GM exited the third quarter with a vehicle inventory of about 359,292 vehicles, an increase of 111,453 from the second quarter. The inventory also improved three times from that of third-quarter 2021 levels. Toyota ended the quarter with a 20-day supply of cars and light trucks (or 140,810 units) in the United States, implying a slight improvement from the 17-day supply at the end of the second quarter of 2022.  Ford’s gross inventory rose to 315,000 at September 2022 end, marking a sharp increase from 236,000 at the end of September 2021 and 259,000 at the end of August 2022.

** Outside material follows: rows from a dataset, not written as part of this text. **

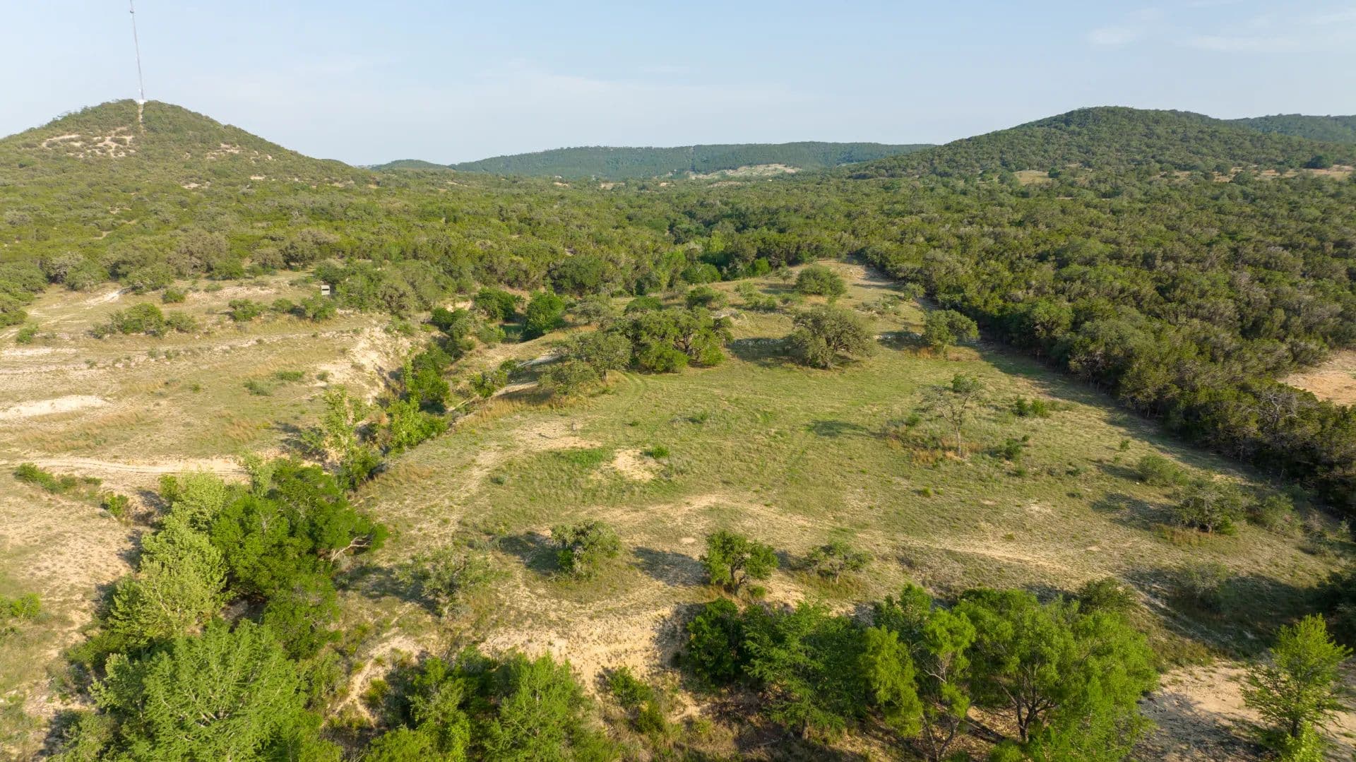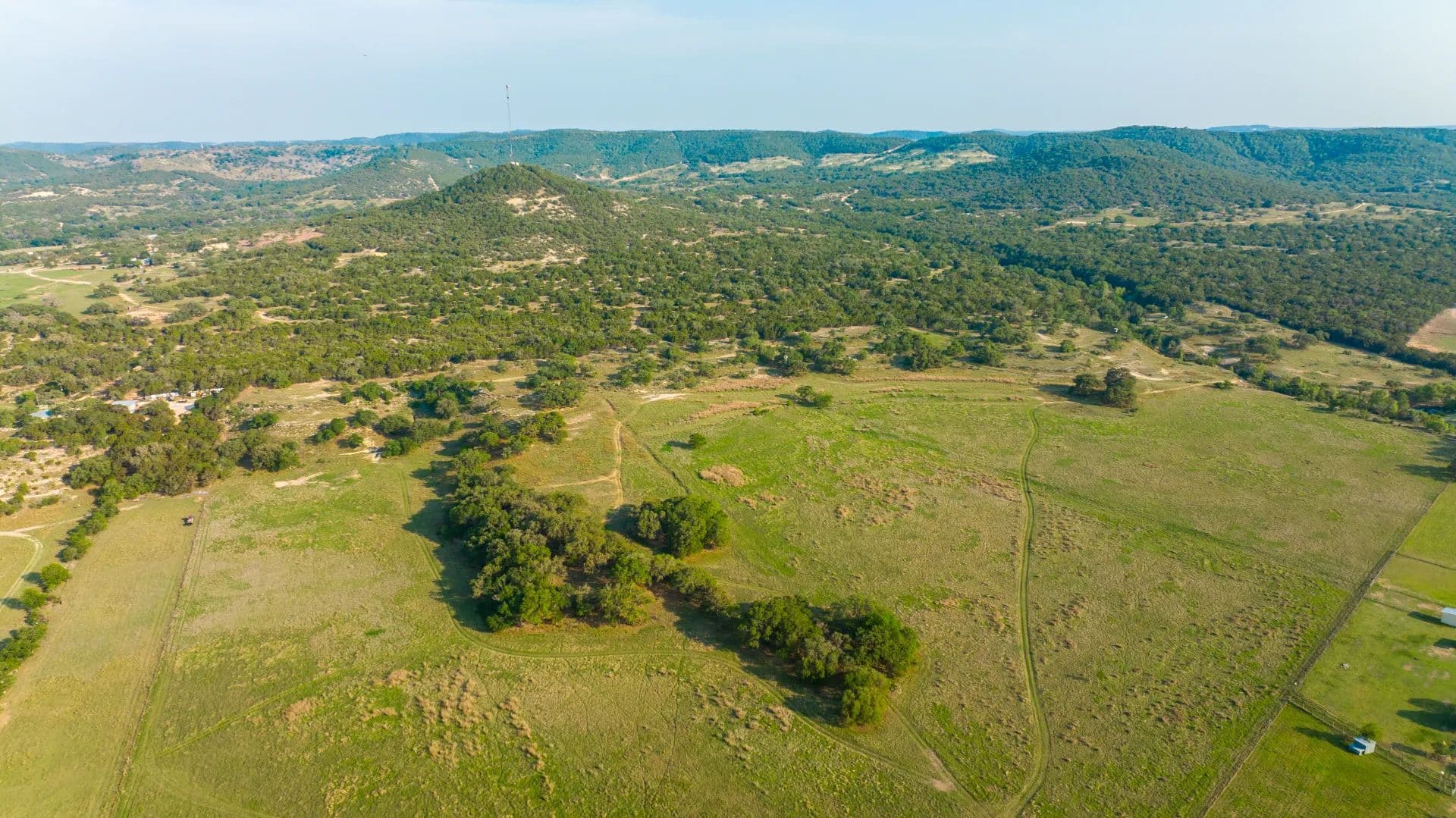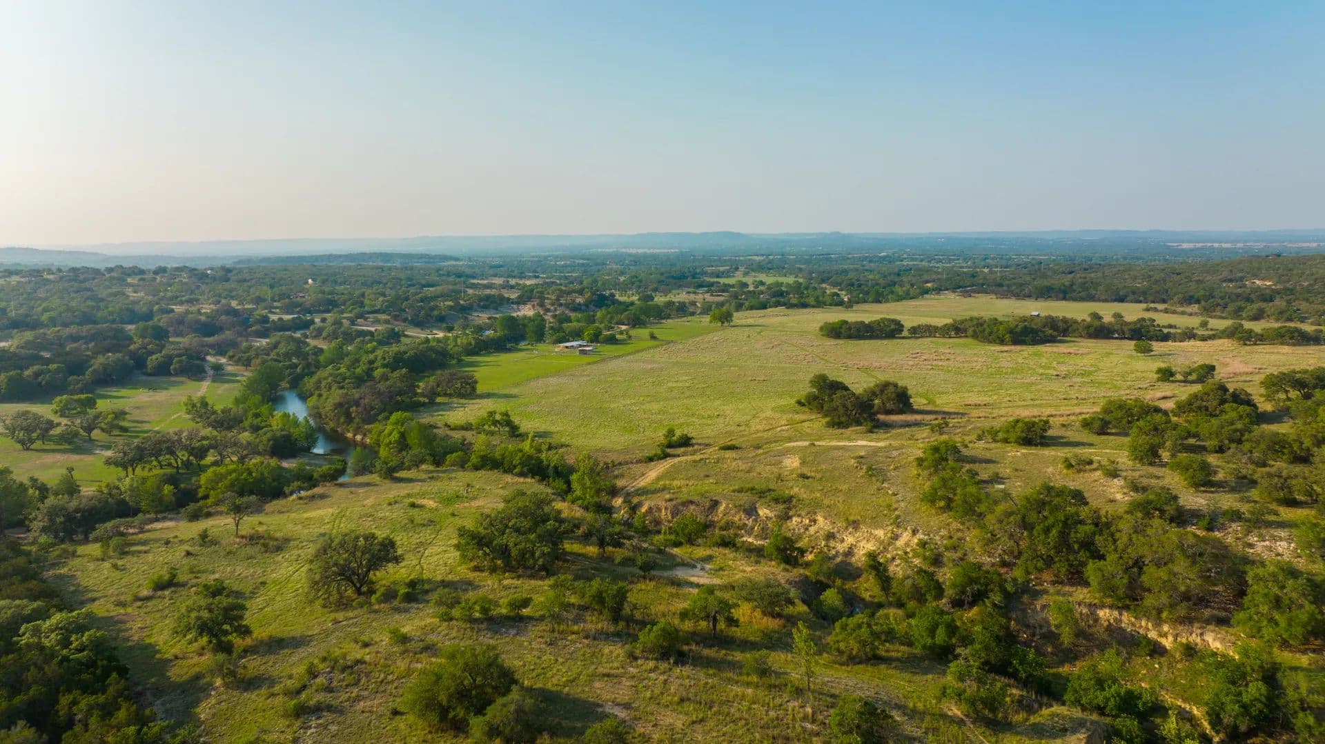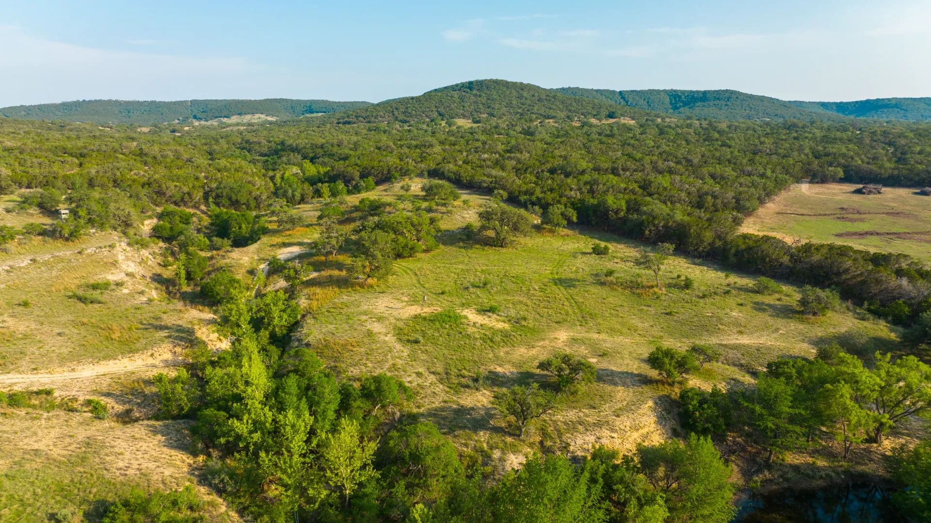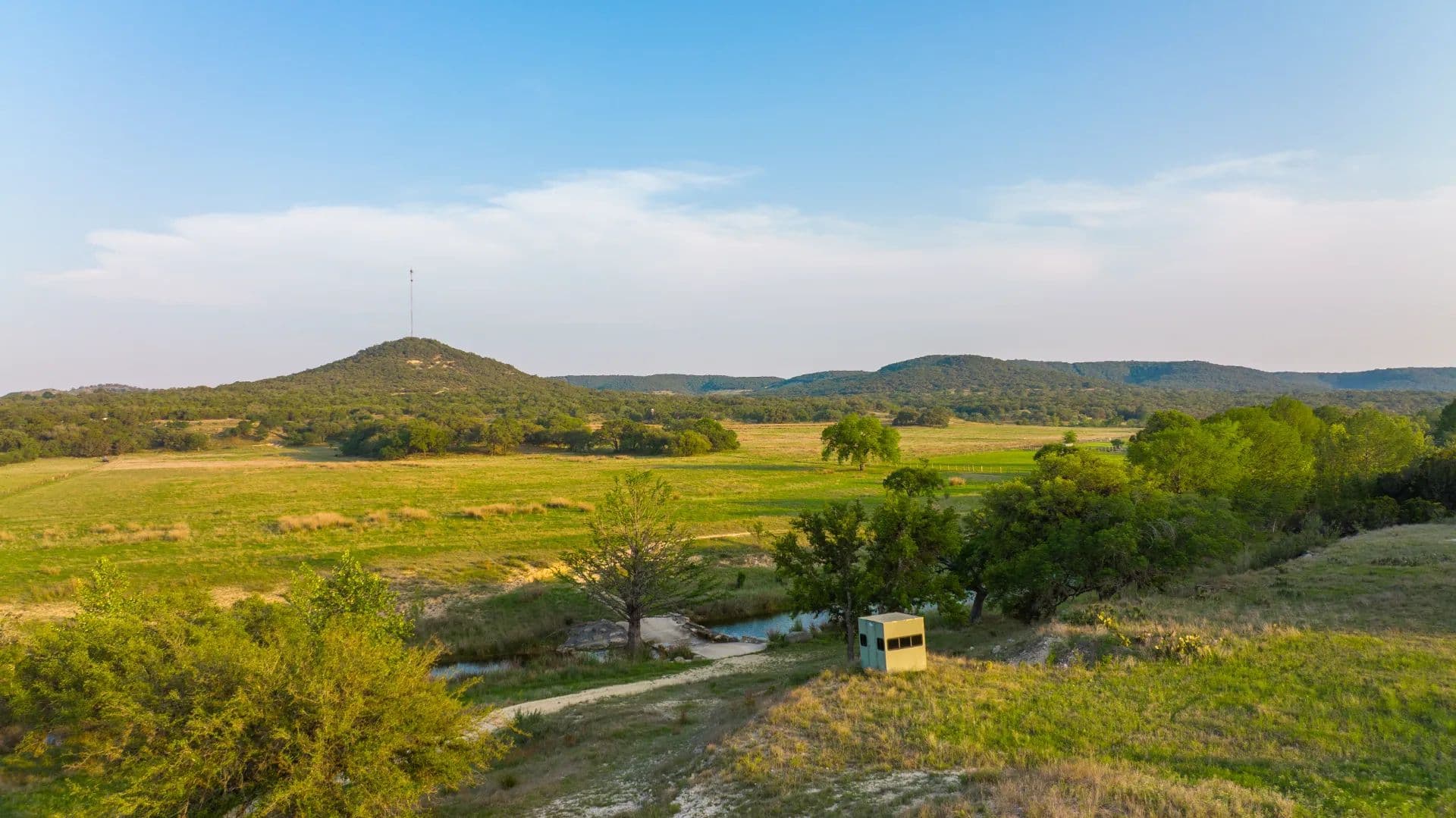 The ranch features both sides of the dammed-up, crystal-clear, cypress-lined Cypress Spring Creek, panoramic views with multiple building sites, tall mature trees, abundant wildlife, and lush pastures. Cypress Springs Ranch has multiple ideal home sites offering gorgeous views of the surrounding Hill Country. This ranch is a recreational retreat in a nicely secluded yet easily accessible location, offering endless adventure for outdoor enthusiasts.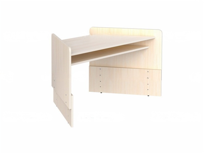 Корпус стола из ЛДСП 16 мм, цвет "Бук Бавария". Стойки с закругленными углами. Кромка столешницы – ПВХ толщиной 2 мм. Крепления без выступающих на рабочей поверхности элементов.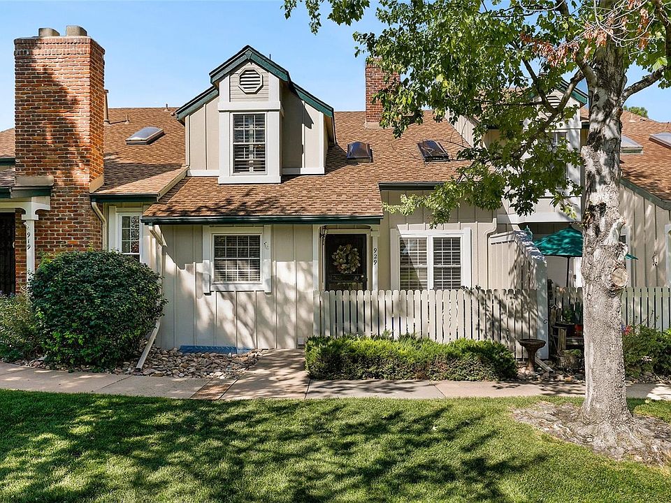 Spacious townhome on the park and next to the community pool. Light, space & character abound throughout the sprawling floor plan. Striking living room boasts a soaring vaulted ceiling, skylights, plantation shutters, built-in bookshelves & a cozy wood-burning fireplace with a floor to ceiling brick surround. Charming front fenced patio is perfect for soaking up some sunshine or grilling out. Upper level hosts a flex space with more built-ins ideal for an office, a secondary bedroom, bathroom & the master. Sizable master suite features an en-suite bathroom and 2 closets. Fully finished basement provides excellent additional living space with a rec room with a wet bar, bedroom & bathroom. In-unit laundry and an attached 2-car garage add to ease in lifestyle. Great community amenities including a pool, clubhouse & tennis courts. Excellent location close to parks, public transportation, shopping, dining & I-225 for easy commuting.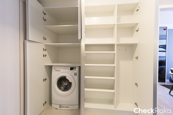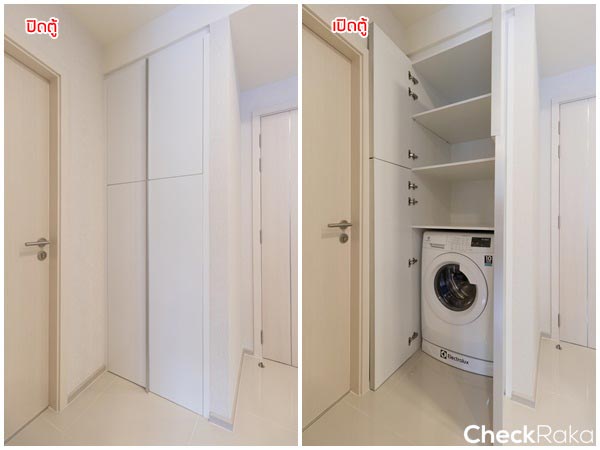 ใกล้กับห้องน้ำจะเป็นตู้สำหรับเก็บเครื่องซักผ้า ด้านบนเป็นชั้นวางของ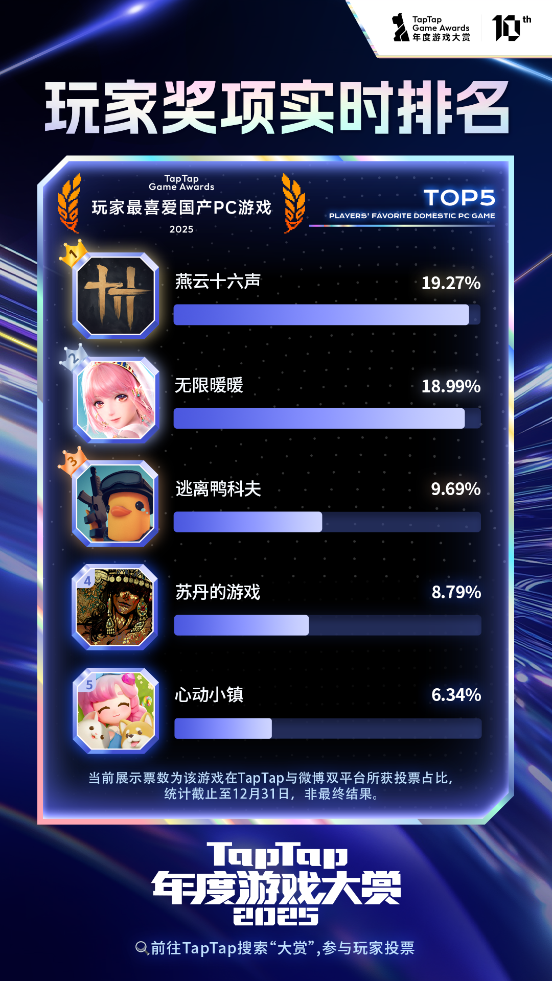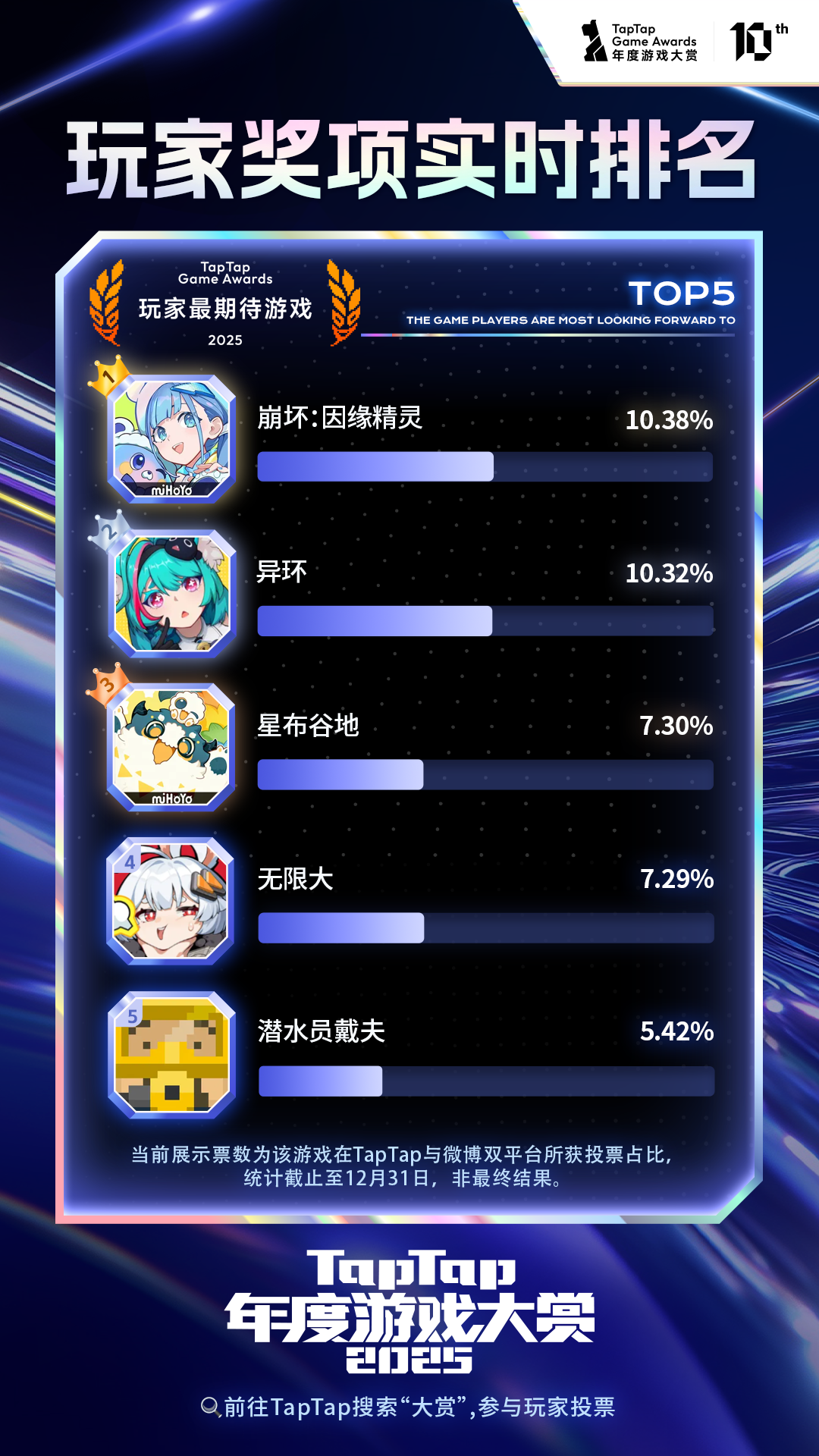 玩家奖项投票进行到第 5 天啦!这个走向……有点意思 👀

Affordability is the New Concern

Just when new vehicles seem to be becoming more widely available, it’s to be seen if Americans wish to continue to splurge on these high-ticket items in the face of rising interest rates and recession worries. Since the auto industry is highly cyclical, the demand for vehicles is likely to cool off given the uncertain economic condition. The outlook for the rest of 2022 is getting increasingly cloudy.

Chesbrough — a senior economist at Cox Automotive — said, “It seems likely that much of the pent-up demand from limited supply is quickly disappearing as high interest rates eat away at vehicle buyers' willingness and ability to purchase." Cox Chief economist Jonathan Smoke stated, “The irony for the auto market is that just as the industry is poised to start seeing volumes increase from supply-constrained recession-like low levels, the rapid movement in interest rates is reducing demand.”

With inflation at levels not seen in decades, the Fed has been forced to become more aggressive, cranking up borrowing rates. On Sep 21, the Fed jacked up interest rates by 75 bps for the third time in a row. The rising interest rates will increase the financing costs of vehicles. With borrowing getting expensive and threats of a recession looming large, consumers might be unwilling to pay a heavy premium for cars. 

Per Cox, the new vehicle loan rate at the end of the third quarter was 7%, up 2 percentage points. The cost of financing is only expected to keep rising.Macro headwinds such as soaring interest rates, stubborn inflation and looming economic uncertainty have muted the prospects of the auto sector. In fact, largely due to the Fed’s ultra-hawkish stance, Cox slashed the full-year vehicle sales outlook to 13.7 million units, around 9% lower than 2021 levels.

Average purchase prices for new cars rose 6.3% in September to more than $45,000, per J.D. Power. Aggressive rate hikes coupled with high sticker prices of cars is starting to test the affordability of customers. To purchase the same vehicle at the same monthly payment, buyers are now forced to increase their down payment, which is resulting in new affordability challenges. The demand may soften based on such macro challenges.

It's yet to be seen if automakers resort to better incentives, sweeter financing deals and discounts to hold up the demand if customers get unwilling to shell more for these discretionary items. But that would reduce the profits of the auto biggies. So, either way, it’s a tough road for the automakers ahead.